Bertenun Miskin, Tidak Bertenun Malu: Adat Dan Perempuan Dalam Produksi Kain Tenun Pandai Sikek
JONSON HANDRIAN G, Dr. Laskmi A. Savitri M.A
2019 | Tesis | MAGISTER ANTROPOLOGITesis ini membahas tentang relasi produksi antara induk semang dan anak tenun dalam proses produksi kain tenun Pandai Sikek. Masyarakat Nagari Pandai Sikek menjadikan seperangkat pengetahuan bertenun sebagai pusako yang diturunkan dari satu generasi ke generasi yang lain, artinya, seperangkat pengetahuan tersebut harus dijaga dan tidak boleh diwariskan kepada orang, kampung, nagari, dan suku bangsa lainnya. Dalam hal ini, pusako seperangkat pengetahuan tersebut diwariskan melalui perempuan. Permasalahan yang kemudian muncul adalah kondisi ekonomi anak tenun yang sulit berkembang karena sistem yang terbangun, akhirnya anak tenun terjerat dalam sebuah "lubang", bertenun miskin, tidak bertenun malu. Studi ini saya lakuka di Nagari Pandai Sikek, Kecamatan X Koto, Kabupaten Tanah Datar, Sumatera Barat. Nagari Pandai Sikek adalah salah satu sentral produksi kain tenun yang dipakai sehari-hari oleh masyarakat Minangkabau dalam berbagai kegiatan formal atau informal dan seremonial adat. Metode yang digunakan adalah metode penelitian kualitatif dan data yang disajikan bersifat deskriptif. Teknik pengumpulan data dilakukan melalui wawancara mendalam, observasi partisipasi, dokumentas dan menggali sumber-sumber sekunder.
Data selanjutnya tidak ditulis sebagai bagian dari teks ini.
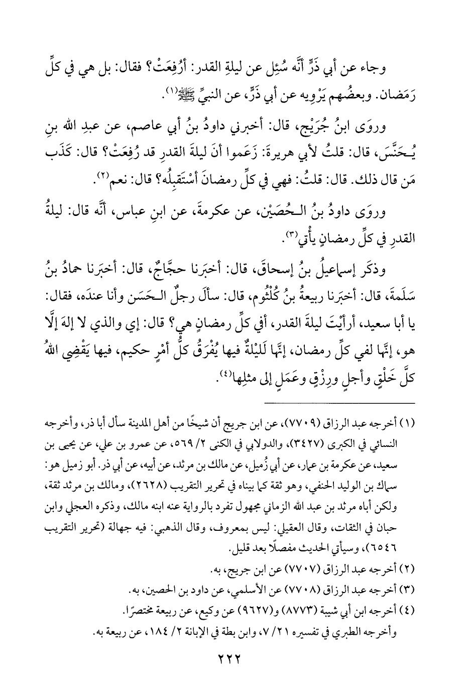 وروَى ابنُ جُرَيْج، قال: أخبرني داودُ بنُ أبي عاصم، عن عبدِ الله بنِ يُحَنَّسَ، قال: قلتُ لأبي هريرةَ: زَعَموا أنَّ ليلةَ القدرِ قد رُفِعَتْ؟ قال: كَذَب مَن قال ذلك. قال: قلتُ: فهي في كلِّ رمضانَ أسْتَقبِلُه؟ قال: نعم (¬٢).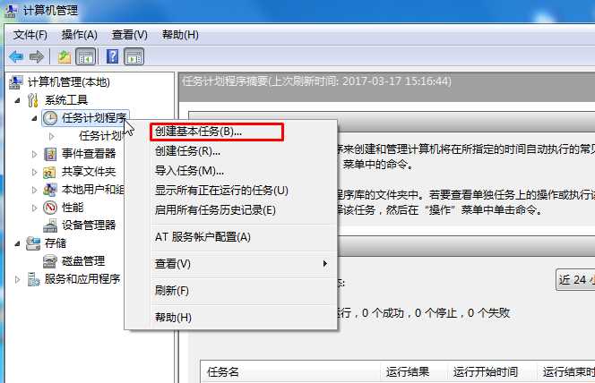3、然后右键点击创建基本任务;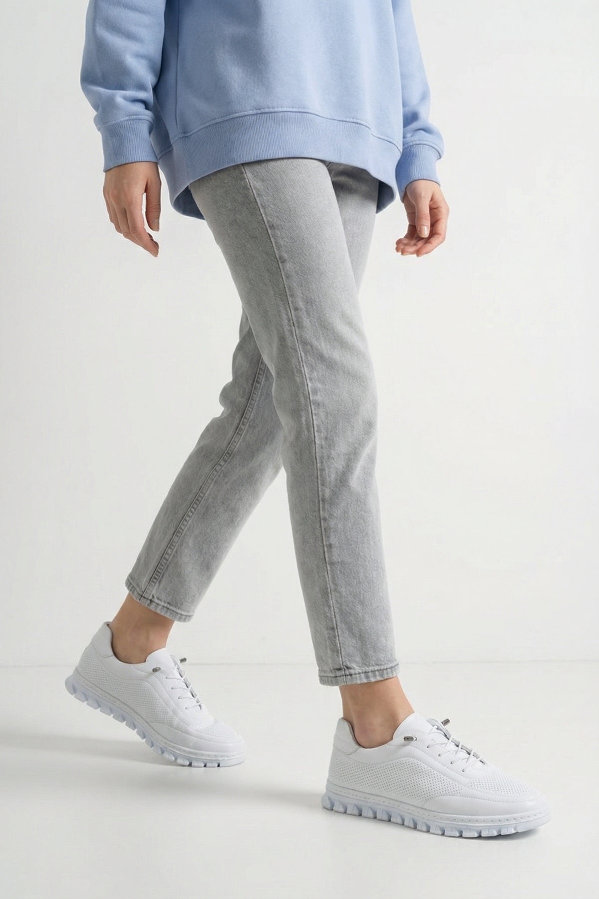 Ayak anatomisine kusursuz uyum sağlayan tam kalıp yapısıyla ayaklarınızı güvenle saran bu sneaker; taytlardan eşofman takımlarına, basic jeanlerden uçuş uçuş yazlık elbiselere kadar günlük stilinizin vazgeçilmez kurtarıcısı olur.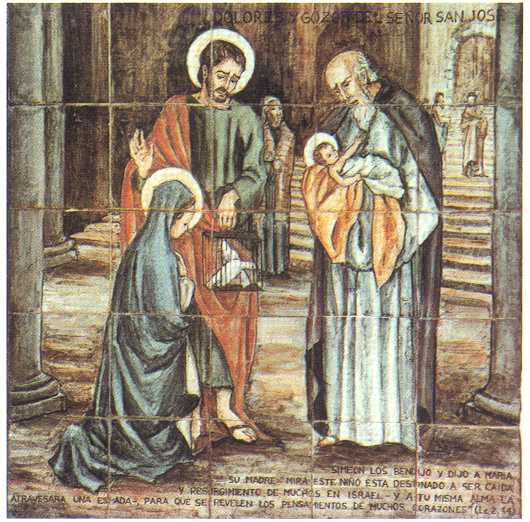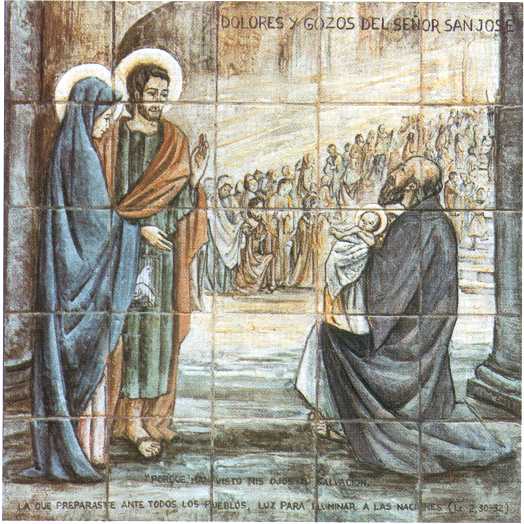 Las gentes se agolpan junto a la Sagrada Familia y al anciano sacerdote, y están mirando la Luz. Son los albores del cumplimiento de las palabras de Simeón, quien agradece a Dios haber podido ver al Mesías antes de morir. José es feliz con Jesús. El no es su padre en el orden natural, pero lo es espiritual y afectivamente mucho más que si lo fuera. José es también nuestro padre en el orden espiritual, y goza viendo la Luz -que es Cristo- en nuestras almas. Verdaderamente hay alegría en el cielo cuando nosotros -pecadores- nos arrepentimos, cuando reconocemos con sinceridad la verdad de Dios y la fe se hace vida en nuestra conducta.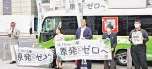 労働組合や医療・平和・農業・女性団体などで構成する原発をなくす全国連絡会は13日、東京・新宿駅前で、東京電力福島第1原発事故から15年がたった今こそ原発ゼロと、再生可能エネルギーへ転換をさせようと宣伝しました。参加者は原発ゼロ署名と、放射能で汚染された福島県浪江町の「ふるさとを返せ津島原発訴訟」の公正な判決を求める署名に取り組みました。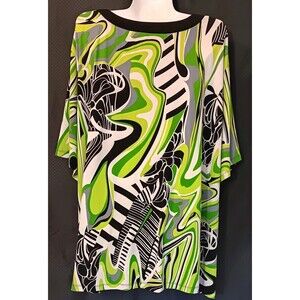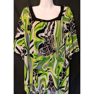 Maggie Barnes Women's Green/Black/White Beaded Square Neck Tunic Blouse, 4X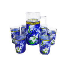 Juego de jarra de vidrio 1 L decorado con lirios azules con 6 vasos Lotus Home Collection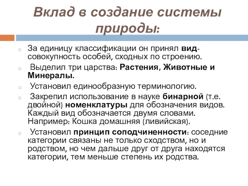 Закрепил использование в науке бинарной (т.е. двойной) номенклатуры для обозначения видов. Каждый вид обозначается двумя словами. Например: Кошка домашняя (ливийская).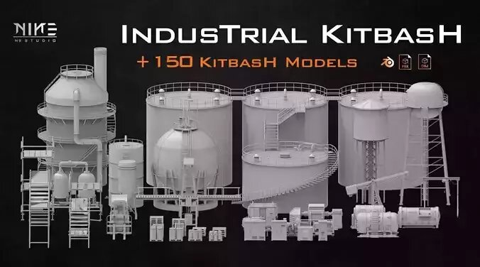 There are more than 150 different base meshes of Industrial Kitbash including storage tanks, generators, industrial machines, switches, room equipment, utility boxes, scaffolding, water tanks, and more for you to easily use in your projects.

Selanjutnya mengidentifikasi dan kemuadian membuat kategorisasi dan verifikasi data yang ada, kemudian menganalisis data tersebut. Dari hasi penelitian, ditemukan bahwa bentuk relasi induk semang dan anak tenun tidak tunggal, terdapat tiga bentuk relasi induk semang dan anak tenun dalam proses produksi kain tenun, yaitu bentuk relasi kapitalistik, relasi patron klien dan relasi komoditi. Sistem yang dibangun memungkinkan induk semang untuk mendapatkan margin profit yang sangat luas dan tidak ada institusi yang mengontrol harga pasar yang kemudian mengakibatkan anak tenun terjebak dalam kondisi yang statis dan induk semang terjebak dalam profit puzzle. Disisi lain, terjadi pergeseran makna padusi maha (perempuan mahal), awalnya ungkapan tersebut melekat pada perempuan yang mahir bertenun namun bergeser pada ranah materil. Pergeseran makna ini menciptakan paradoks, pada satu sisi pusako berupa seperangkat bertenun harus dijaga dan pertahankan kepada perempuan agar mendapatkan gelar padusi maha, disisi yang lain, adat secara simbolik mengizinkan perempuan untuk meraih gelar padusi maha dari ranah dan sektor lainnya.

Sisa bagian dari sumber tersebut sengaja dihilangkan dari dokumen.